Pumpkin Spice Whoopie Pies with Bourbon Cream

Prep time40 minutes
Cook time12 minutes
Total time52 minutes
Meal type Dessert


    Pumpkin Spice Cookies

    • 1 1/3 cup Granulated sugar
    • 1 1/3 cup Dark brown Sugar
    • 3 sticks Butter, softened
    • 2 teaspoons Vanilla extract
    • 1 cup Pure pumpkin puree, liquid strained (not pumpkin pie mix)
    • 4 Eggs
    • 4 1/2 cups All-purpose flour
    • 2 teaspoons Baking soda
    • 1 teaspoon cinnamon
    • 1 tablespoon Pumpkin pie spice
    • 1 teaspoon Salt
    • 1 tablespoon Reserved pumpkin liquid
    • Finishing salt

    Bourbon Cream

    • 2 1/2 sticks Butter, softened
    • 1 1/2 cup Marshmallow fluff
    • 4 cups Powdered sugar
    • 2 tablespoons Bourbon whiskey (decent brand or better)
    • 2 teaspoons Pumpkin pie spice
    • 1-2 tablespoon Milk or cream


    Pumpkin Spice Cookies
    Heat oven to 375°F.

    Strain the pumpkin puree in cheesecloth or paper towels to remove the excess liquid (you should be able to remove near 1/4 cup or more liquid). Reserve some of the liquid.
    In a bowl, combine flour, baking soda, spices and salt. Set aside.

    In large bowl, beat granulated sugar, brown sugar, 3/4 cup butter and 1 teaspoon vanilla with electric mixer on medium speed, scraping bowl occasionally, until well blended.

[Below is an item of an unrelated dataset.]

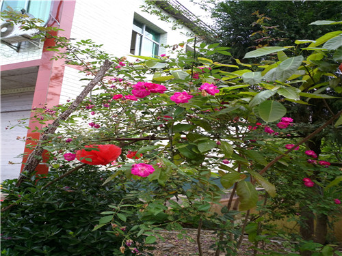 月季花千姿百态,有的是含苞欲放的花骨朵儿,有的没有完全绽放,像鲜艳的小喇叭;有的已经完全盛开,一层层的花瓣包围着淡黄的花蕊,幽香四散。月季花随着春风摇摆,像是和风儿玩耍,又像是在跳舞,它们多快乐啊!

    Beat in pumpkin and eggs until well mixed. On low speed, beat in flour mixture and mix until combine, being careful to not over-mix.
    On a parchment lined cookie sheets, drop dough by evenly leveled tablespoons (mini ice cream scoop recommended)
    Bake 10 to 12 minutes or until almost no indentation remains when touched in center. Immediately remove, sprinkle lightly with a touch of finishing salt. Remove from cookie sheets to cooling rack. Cool completely, about 30 minutes
    Bourbon Cream
    While the cookies are cooling, prepare the cream filling. In a mixing bowl, cream the butter until light and fluffy.

    Sift together the powdered sugar and the pumpkin pie spice. Add half of the mixture to the butter. Add one tablespoon of the milk and continue to mix together. While mixing, add the marshmallow fluff and cream together .

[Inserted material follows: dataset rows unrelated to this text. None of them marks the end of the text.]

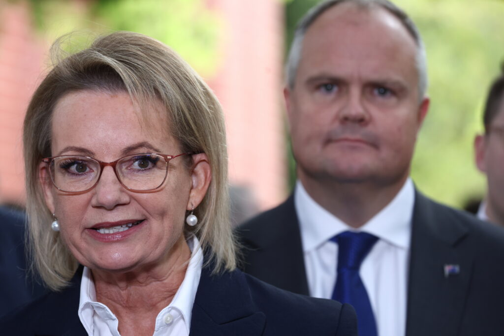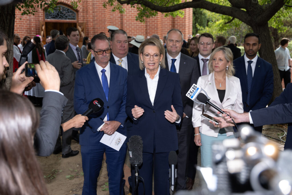 Opposition Leader Sussan Ley talks to the media with her Liberal colleagues aPhotograph by Mike Bowers.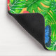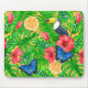 Padrão de aquarela com tucano, borboleta, hibisco e folhas tropicais. Eu pintei elementos para o padrão com aquarelas no papel, e então os digitalizei e fiz o padrão no Illustrator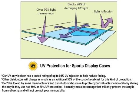 Display case comes standard with a 98% UV Protection acrylic door, lockable latches with keys, and all hardware to mount the case to the wall. Comes fully assembled. (coins shown are not included). Unit Weight: 6 lbs. Dimensions: 18"H X 14"W X 1.75"D Space between Shelves: 1.75"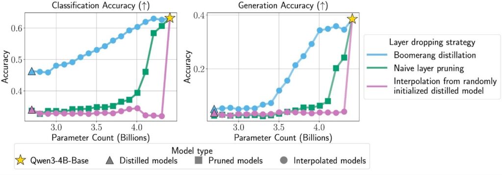 Today’s large language models power everything from chatbots on your phone to massive AI systems running in data centers. But not all devices can handle the same model sizes: a model that’s fast on a GPU cluster might be unusable on a laptop. AI model developers try to solve this by releasing “model families” consisting of different-sized versions of the same model. For example, Llama3 models come in sizes ranging from 1 billion to 70 billion parameters. Yet training each size from scratch is expensive, leaving big gaps between available models. What if we could fill those gaps without any extra training? That’s exactly what we explore with Boomerang Distillation, a new way to “recombine” parts of large and small models to create many intermediate sizes – all from a single training run.

    Add the remaining powdered sugar and the bourbon. Add more bourbon or spice to taste. Mix well until smooth. Texture should be thick and creamy to prevent dripping out of cookie
    Assemble Pies
    Put the bourbon cream into a prepared piping bag with preferred tip. Pipe filling on flat sides of half of cookies and top with remaining cakes.